Menjadi keharusan pada kekuatan prasangka dan sekeping
hati, kiranya perlu kita hidupkan suasana yang baik, sehat, dan sesuai dengan
aturan yang ada. Mengiramakan mereka dalam dentingan yang merdu akan
perintah-perintah dari-nya. Maka kemudian lahirlah hal-hal yang menjadi
penopang kebaikan pada laku yang taat. Sejernih prasangka dan sucinya hati. Inilah
bulir-bulir keberkahan dalam hidup.
Kita akan selalu terluka sebagai hamba yang di uji
imannya, bersabarlah. Dan siapapun yang menyakiti, maka baik pula bila kita
do’akan hidayah menghampiri. Bukan menyiramnya dengan hujat dan sumpah serapah,
bukan. Do’a itu malah membawa keberkahan. Maka mari mendoakan agar terberkahi
luka-luka yang kita rasakan. Agar tersembuhkan sakit-sakit yang menderai batin
kita. Akan subur dan sejuk prasangka-prasangka yang kita miliki. Cinta.
Dan pada prasangka-prasangka yang berlaku dalam Hati dan
Pikiran kita. Maka menjaganya agar tetap bening dan bersih adalah secercah dari
ikhtiar menjemput keridhoan-Nya. Berhusnudzhon pada Allah, pada saudara, pada
sekitar kita, dan pada apa saja yang ada di sekeliling kita.
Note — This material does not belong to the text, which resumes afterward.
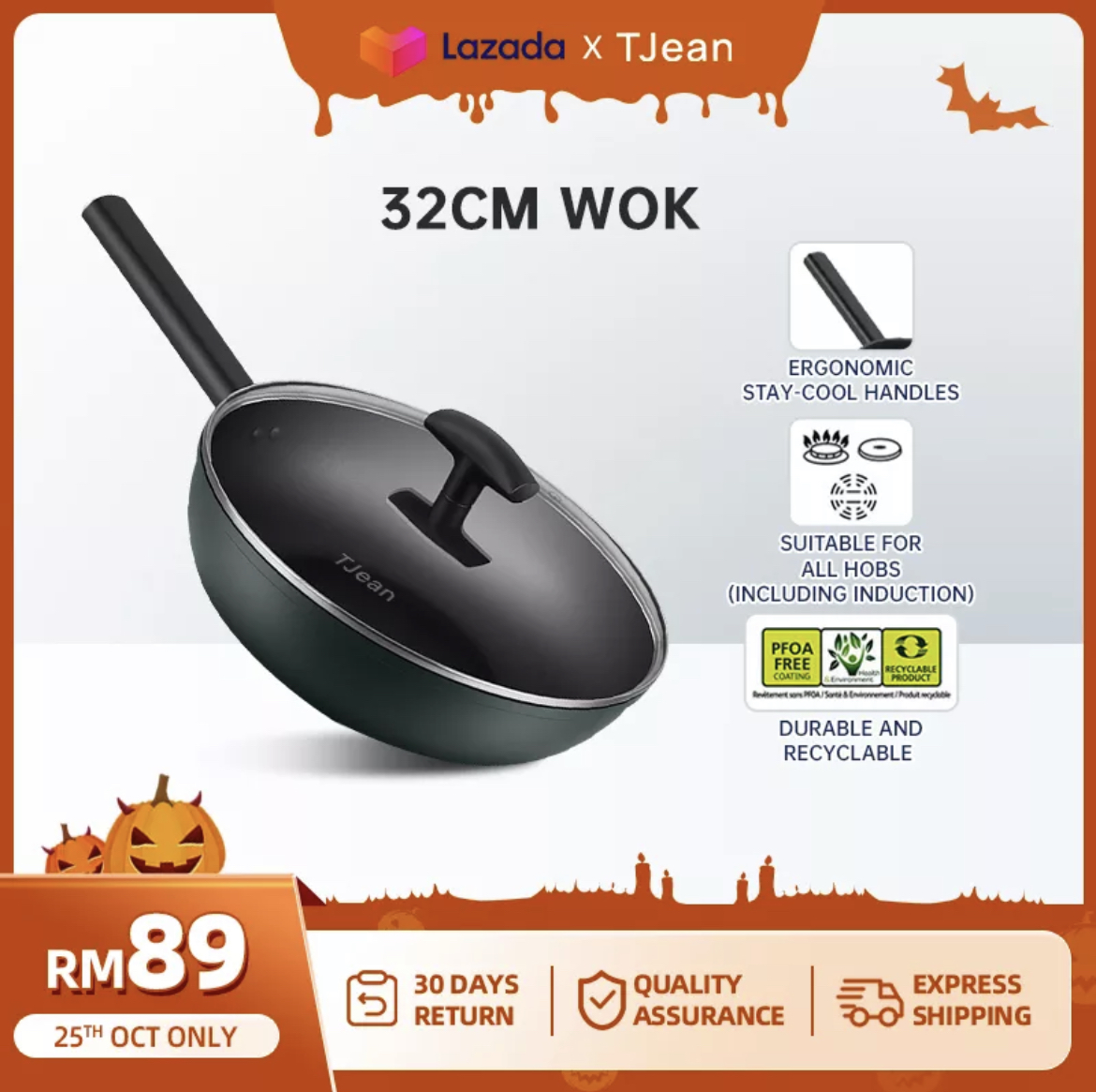 ▪ ⑧ TJean Non Stick Wok 32CM Stir-fry Pan with Lid 锅具

Prasangka baiklah
yang menumbuhkan bulir-bulir kebaikan.
Betapa banyak yang kehilangan Cinta, sebab kotornya
prasangka. Betapa banyak yang jauh dari kebaikan, sebab keruhnya hati. Betapa
banyak yang jauh dari hidayah, sebab jiwa yang tuli. Dan terakhir, betapa
banyaknya yang jatuh dan terpuruk sebab iman yang mengerdil, keruh dan lalai
dari mengingat-Nya. Cukuplah Naifnya diri ini tidak kita kita tinggikan di atas
Iman-iman yang mengerdil. Cukuplah muhasabah kita perbanyak lagi.
Maka mereka pemilik Prasangka yang baik dan Hati yang
Jernihlah yang akan senantiasa peka dan kuat bertahan atas apapun terpaan
angan-angan, kesulitan, ujian, dan apapun bentuk dari goyangan pada air yang
jernih. Sebab tak semua aib orang mampu kita jaga dengan sempurna, demikianpula
halnya tentang kita yang tak sepenuhnya orang lain paham benar keadaannya. Luka
dan Bahagia adalah rasa, maka hanya para pemilik perasaanlah yang mampu
menelaah betapa pelik ia telah melukai, atau seberapa jelitanya ia menoreh
tawa. Hanya perasa. Persembahan Cinta yang mulia pada sesama.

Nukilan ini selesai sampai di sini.